Presentation + Paper
15 March 2019 Harmonizing 1.5T/3T diffusion weighted MRI through development of deep learning stabilized microarchitecture estimators
Vishwesh Nath, Samuel Remedios, Prasanna Parvathaneni, Colin B. Hansen, Roza G. Bayrak, Camilo Bermudez, Justin A. Blaber, Kurt G. Schilling, Vaibhav A. Janve, Yurui Gao, Yuankai Huo, Ilwoo Lyu, Owen Williams, Susan Resnick, Lori Beason-Held, Baxter P. Rogers, Iwona Stepniewska, Adam W. Anderson, Bennett A. Landman
Author Affiliations +
Abstract
Diffusion weighted magnetic resonance imaging (DW-MRI) is interpreted as a quantitative method that is sensitive to tissue microarchitecture at a millimeter scale. However, the sensitization is dependent on acquisition sequences (e.g., diffusion time, gradient strength, etc.) and susceptible to imaging artifacts. Hence, comparison of quantitative DW-MRI biomarkers across field strengths (including different scanners, hardware performance, and sequence design considerations) is a challenging area of research. We propose a novel method to estimate microstructure using DW-MRI that is robust to scanner difference between 1.5T and 3T imaging. We propose to use a null space deep network (NSDN) architecture to model DW-MRI signal as fiber orientation distributions (FOD) to represent tissue microstructure. The NSDN approach is consistent with histologically observed microstructure (on previously acquired ex vivo squirrel monkey dataset) and scan-rescan data. The contribution of this work is that we incorporate identical dual networks (IDN) to minimize the influence of scanner effects via scan-rescan data. Briefly, our estimator is trained on two datasets. First, a histology dataset was acquired on three squirrel monkeys with corresponding DW-MRI and confocal histology (512 independent voxels). Second, 37 control subjects from the Baltimore Longitudinal Study of Aging (67-95 y/o) were identified who had been scanned at 1.5T and 3T scanners (b-value of 700 s/mm2 , voxel resolution at 2.2mm, 30-32 gradient volumes) with an average interval of 4 years (standard deviation 1.3 years). After image registration, we used paired white matter (WM) voxels for 17 subjects and 440 histology voxels for training and 20 subjects and 72 histology voxels for testing.

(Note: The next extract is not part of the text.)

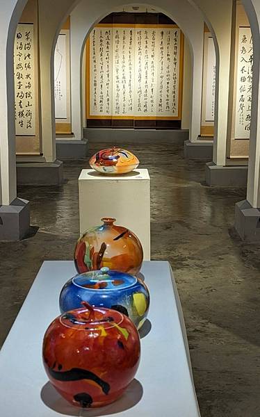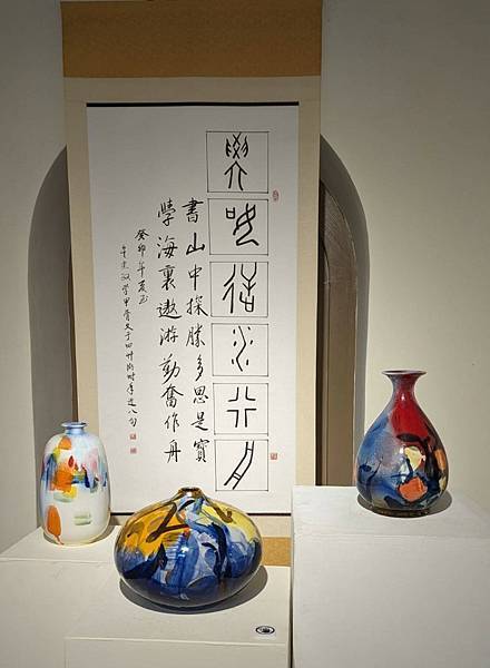 [當下想像書寫]一次性的創作線條與色彩表達作者內心直覺的想像,此次展出骨瓷釉彩是淬煉之後陶瓷作品的創作顛峰,花草舞動、山嵐勁風,是表現當代直觀書寫抽象趣味性的精采立體作品。

We compare the proposed estimator with super-resolved constrained spherical deconvolution (CSD) and a previously presented regression deep neural network (DNN). NSDN outperformed CSD and DNN in angular correlation coefficient (ACC) 0.81 versus 0.28 and 0.46, mean squared error (MSE) 0.001 versus 0.003 and 0.03, and general fractional anisotropy (GFA) 0.05 versus 0.05 and 0.09. Further validation and evaluation with contemporaneous imaging are necessary, but the NSDN is promising avenue for building understanding of microarchitecture in a consistent and deviceindependent manner.
Conference Presentation
© (2019) COPYRIGHT Society of Photo-Optical Instrumentation Engineers (SPIE). Downloading of the abstract is permitted for personal use only.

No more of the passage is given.